◆ **Brief**
Print all of the data exactly, but drop the pictures.

◆ **Data section**
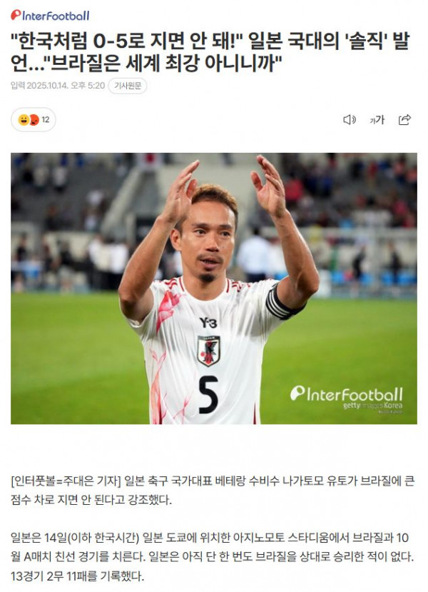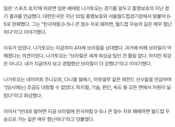"한국처럼 0-5로 지면 안 돼!" 일본 국대의 '솔직' 발언…"브라질은 세계 최강 아니니까"
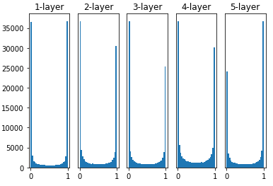 가중치를 평균이 0, 표준편차가 1인 정규분포로 초기화할 때의 각층의 활성화값 분포
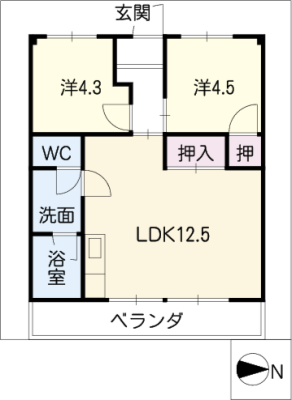 保証金2ヶ月 / 償 却10割間取り 2LDK / 59.10㎡入居日 相 談
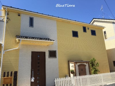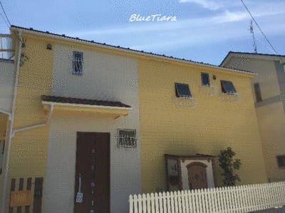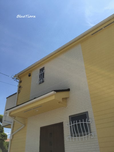 この黄色い外壁に白い製品、

◆ **Task response**
"한국처럼 0-5로 지면 안 돼!" 일본 국대의 '솔직' 발언…"브라질은 세계 최강 아니니까"
 가중치를 평균이 0, 표준편차가 1인 정규분포로 초기화할 때의 각층의 활성화값 분포
 保証金2ヶ月 / 償 却10割間取り 2LDK / 59.10㎡入居日 相 談
 この黄色い外壁に白い製品、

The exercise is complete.